[Opening EXTRACTED MATERIAL section]
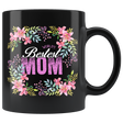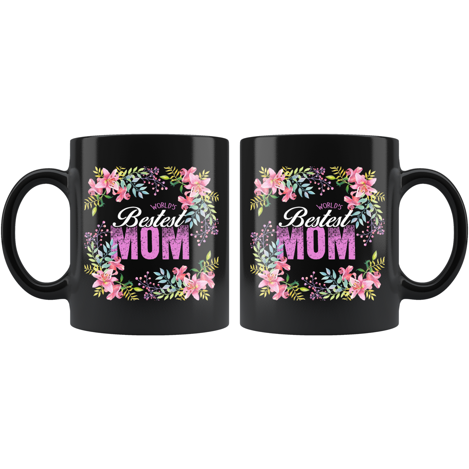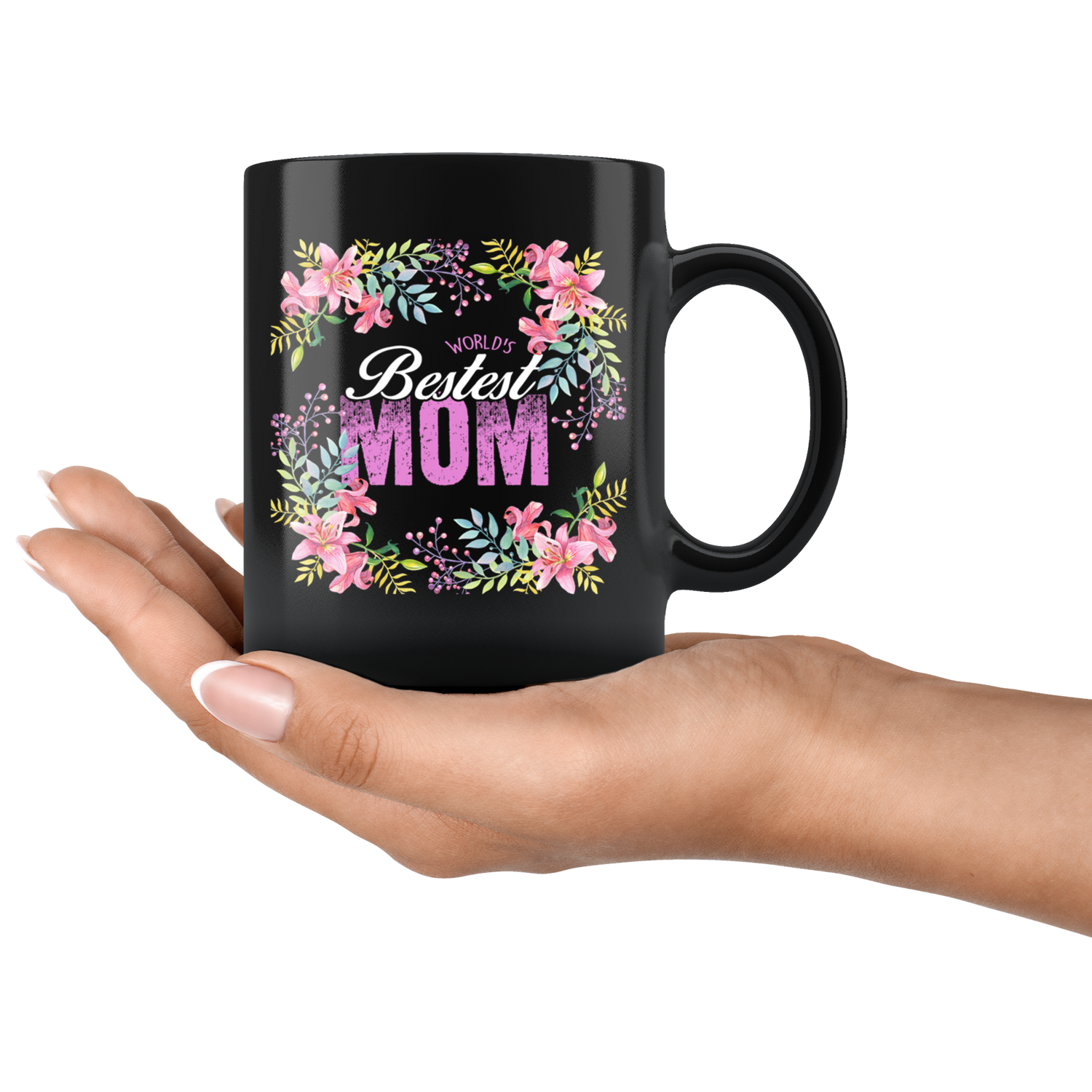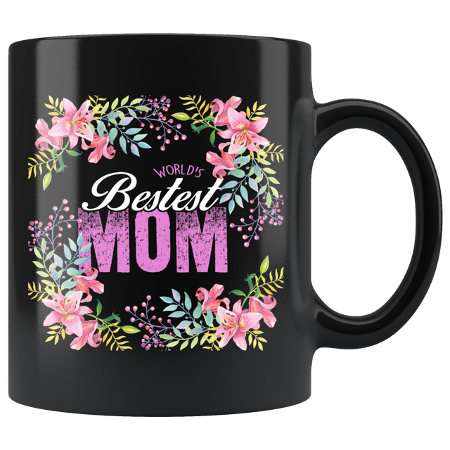 World's Bestest Mom in a Beautiful Flower Wreath is a Cute Fun Black Ceramic Coffee Mug and a Great Fun Gift for Mom for Mother's Day.
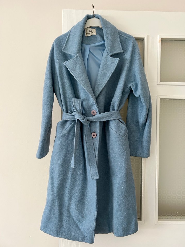 Mavi uzun kaban, yumuşak dokulu, geniş yakalı ve iki cep detaylıdır. İki düğme ile kapanır, iç kısmı astarlıdır. Bebe mavisi ayaz az giyildı
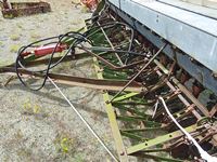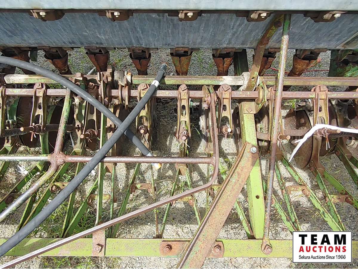 End run grain drill. Grass seed box, 24 run with 6 inch spacing and double disc openers. Grass seed box, double grain box.
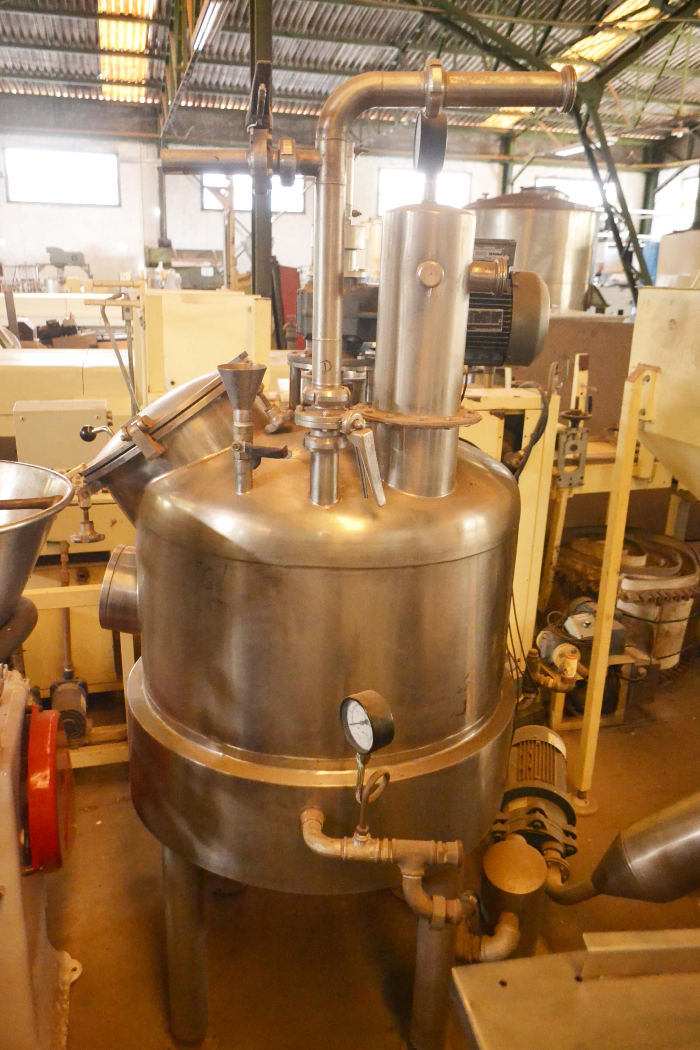 Cozinhador à vácuo em Aço Inox 300 litros marca Rotia Equipamento com meia cana de aquecimento à vapor, com motor e redutor. Possui tampa com pressão de fechamento, filtro e conexões em inox, manômetros, válvula e estrutura de alta resistência de pressão à vácuo.
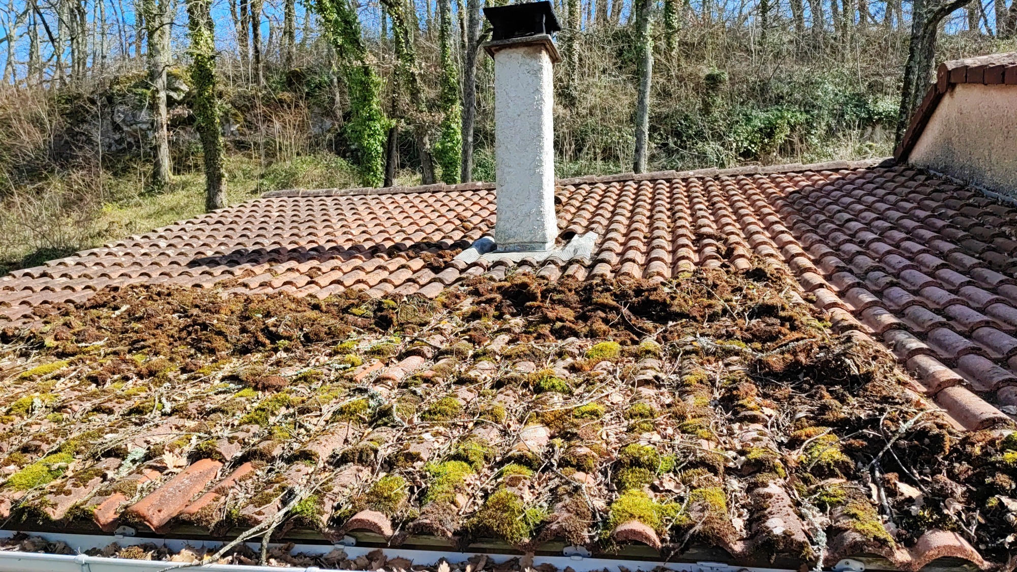 Démoussage à castelnau-montratier. Toiture recouverte de mousses, retrait des mousses avant application d'un traitement anti-mousses
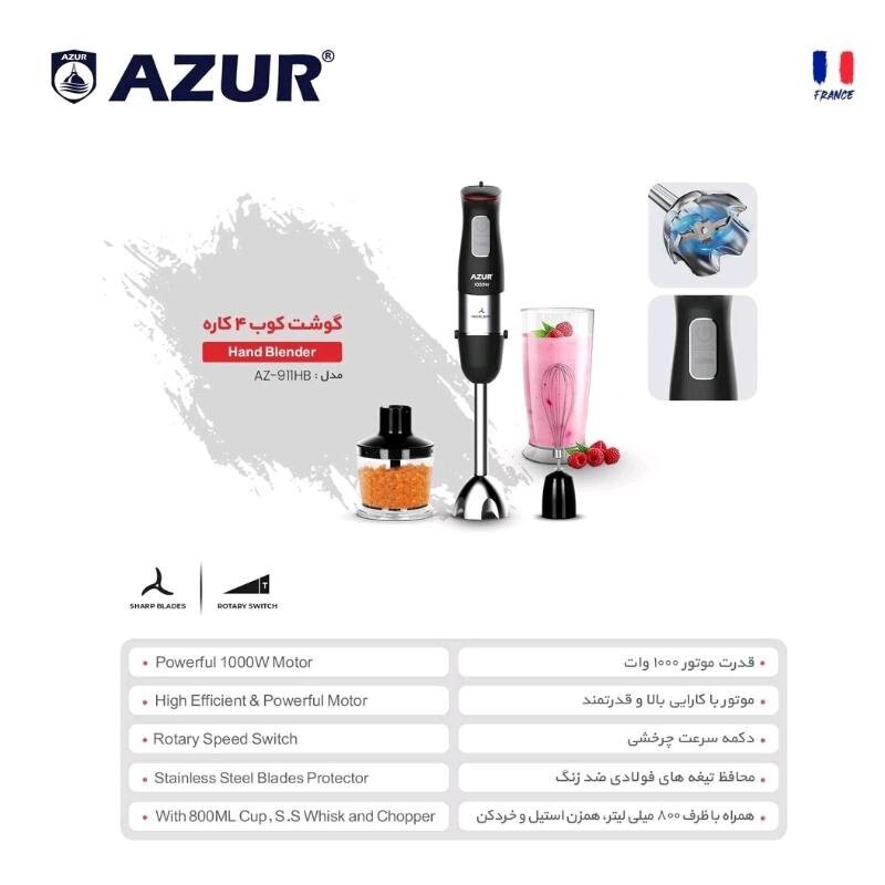 گوشت کوب ۴ کاره آزور موتور ۱۰۰۰ وات دکمه سرعت بخشی محافظ تیغه های فولادی ضد زنگ همراه با ظرف ۸۰۰ میلی لیتر،همزن استیل و خرد کن طول کابل ۹۰ تیغه دو پره
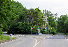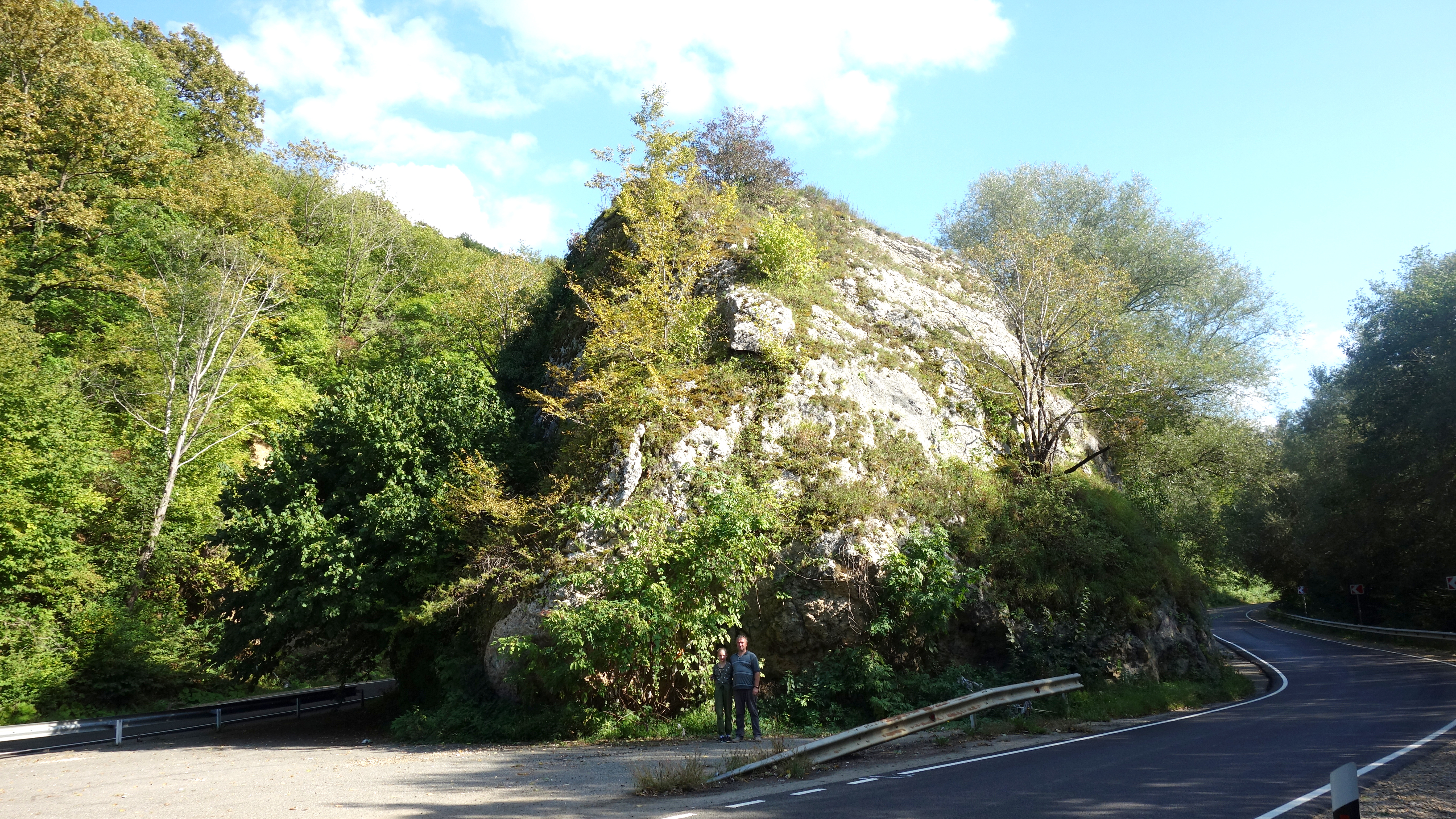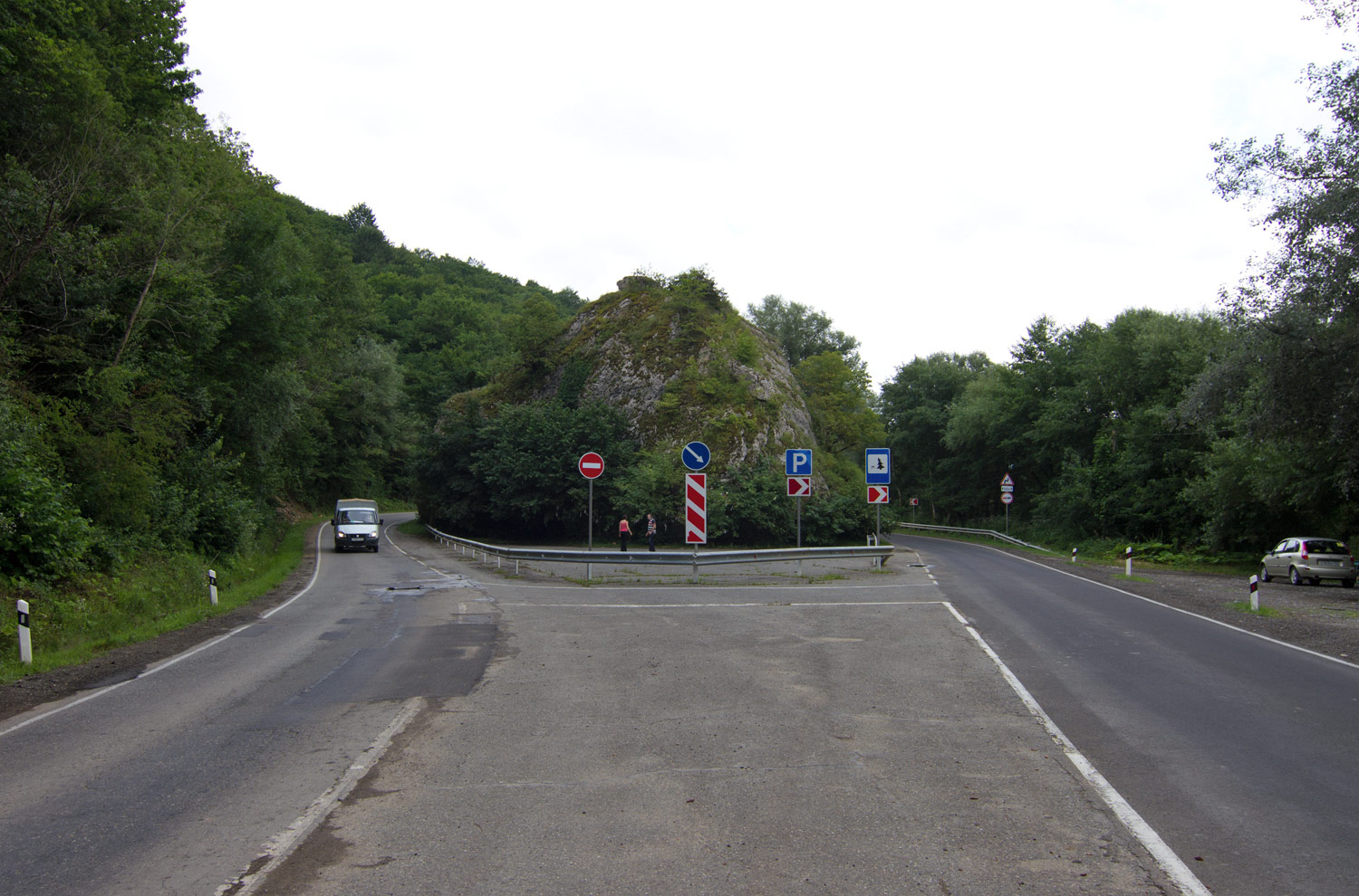 Два направления автодороги огибают глыбу, словно речные потоки – остров посреди реки. И на этом островке безопасности находится смотровая площадка с местом для парковки.
[Closing EXTRACTED MATERIAL section]
• **TASK ITEM**
Please transcribe the material above exactly as written. Leave the pictures out.

• **EXERCISE SOLUTION**
 World's Bestest Mom in a Beautiful Flower Wreath is a Cute Fun Black Ceramic Coffee Mug and a Great Fun Gift for Mom for Mother's Day.
 Mavi uzun kaban, yumuşak dokulu, geniş yakalı ve iki cep detaylıdır. İki düğme ile kapanır, iç kısmı astarlıdır. Bebe mavisi ayaz az giyildı
 End run grain drill. Grass seed box, 24 run with 6 inch spacing and double disc openers. Grass seed box, double grain box.
 Cozinhador à vácuo em Aço Inox 300 litros marca Rotia Equipamento com meia cana de aquecimento à vapor, com motor e redutor. Possui tampa com pressão de fechamento, filtro e conexões em inox, manômetros, válvula e estrutura de alta resistência de pressão à vácuo.
 Démoussage à castelnau-montratier. Toiture recouverte de mousses, retrait des mousses avant application d'un traitement anti-mousses
 گوشت کوب ۴ کاره آزور موتور ۱۰۰۰ وات دکمه سرعت بخشی محافظ تیغه های فولادی ضد زنگ همراه با ظرف ۸۰۰ میلی لیتر،همزن استیل و خرد کن طول کابل ۹۰ تیغه دو پره
 Два направления автодороги огибают глыбу, словно речные потоки – остров посреди реки. И на этом островке безопасности находится смотровая площадка с местом для парковки.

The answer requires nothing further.